Are the read-write speeds sufficient for a server?
Depends.
For most of us, most use-cases, yes. I have 2 externals on USB that are no slower than my ancient NAS that only does 100Mbit Ethernet (honestly they’re probably faster).
Now if you’re running a transactional database, then externals are bad for throughput, but also stability/reliability and heat.
One thing I rarely see mentioned here is that external drives lack any cooling. This is fine for most uses-cases where people will intermittently copy data to them. But of you try sustained writes you can watch the temps climb in minutes. Which is why both of mine have old, large case fans on them (duct taped in place no less). They’re really quiet especially since I run them at 5v instead of 12V.
Externals are generally recommended against of it can be avoided. But of it’s what you have, run it, just know the lifespan is likely limited, and they’re not to be trusted from stability standpoint - always have redundancy/backups for important data.
My externals are part of my local redundancy - they replicate my main data drive, which is also replicated to my ancient NAS. So I have 3 local copies of everything.

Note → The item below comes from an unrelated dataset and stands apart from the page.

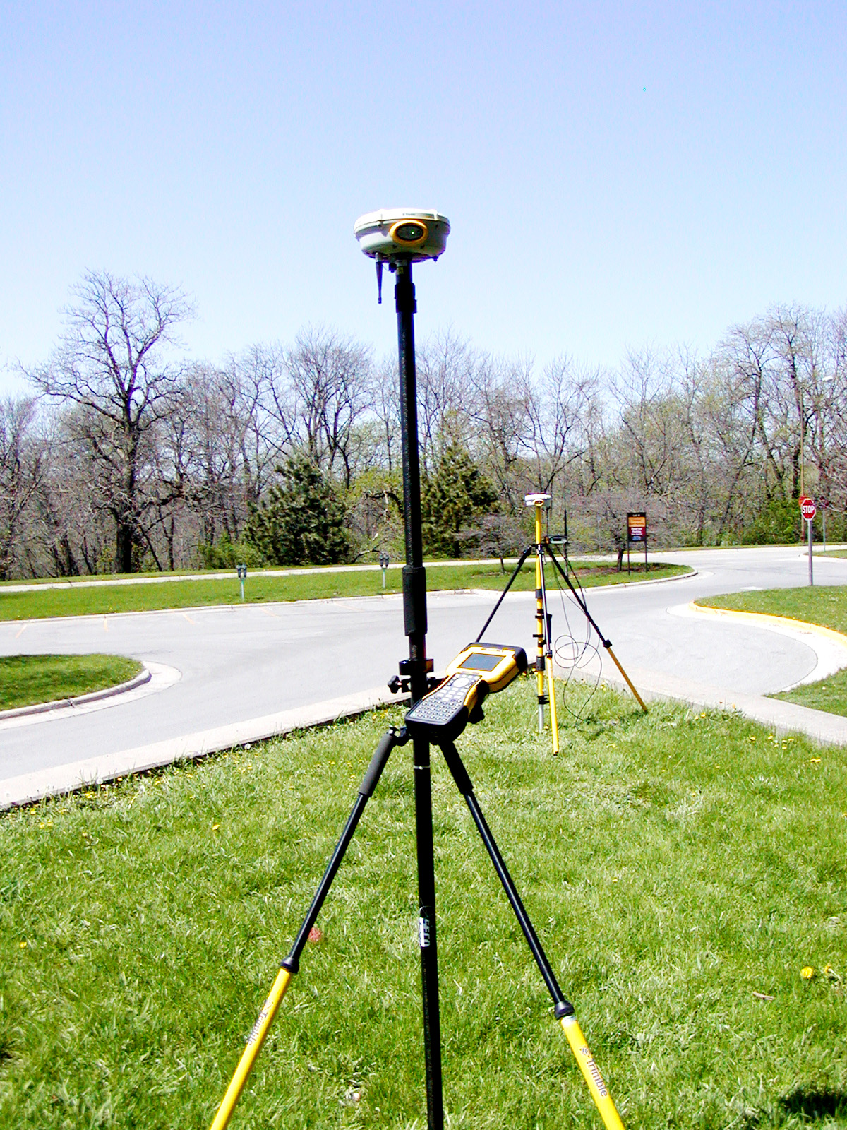 Station, GPS receiver.
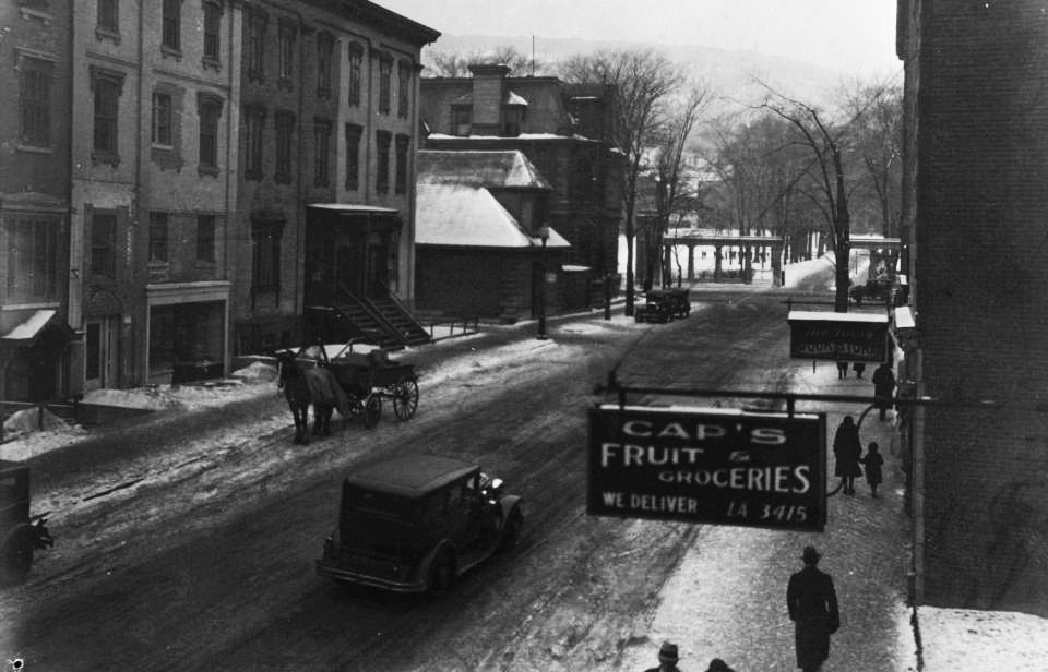 Looking northwards on McGill College Avenue in Montreal with buildings and houses, a cart pulled by a horse and a car. We see a sign "Cap's Fruit & Groceries" right. We see, in the background, the main entrance to McGill University, the Roddick Gates.

Expand on your file sharing model/needs/usage pattern. .
Syncthing synchronizes specified folders. It’s quite configurable, but it’s really meant for a stable, regular syncing process. If you need more ad-hoc, it can do it but it’s not like using a network share.
Resilio Sync has a neat feature - selective sync, that allows you to grab specific files from a shared folder ad-hoc, rather than always sync all files all the time. I use it to grab media files (multi-gig) from my server when traveling.
IIRC, both have a “send only” setting for a sync job, so everyone could simply share to a specific folder, and have selective sync enabled for that folder… I think.
Both are Windows/Linux/iOS, and I think they’re both Mac.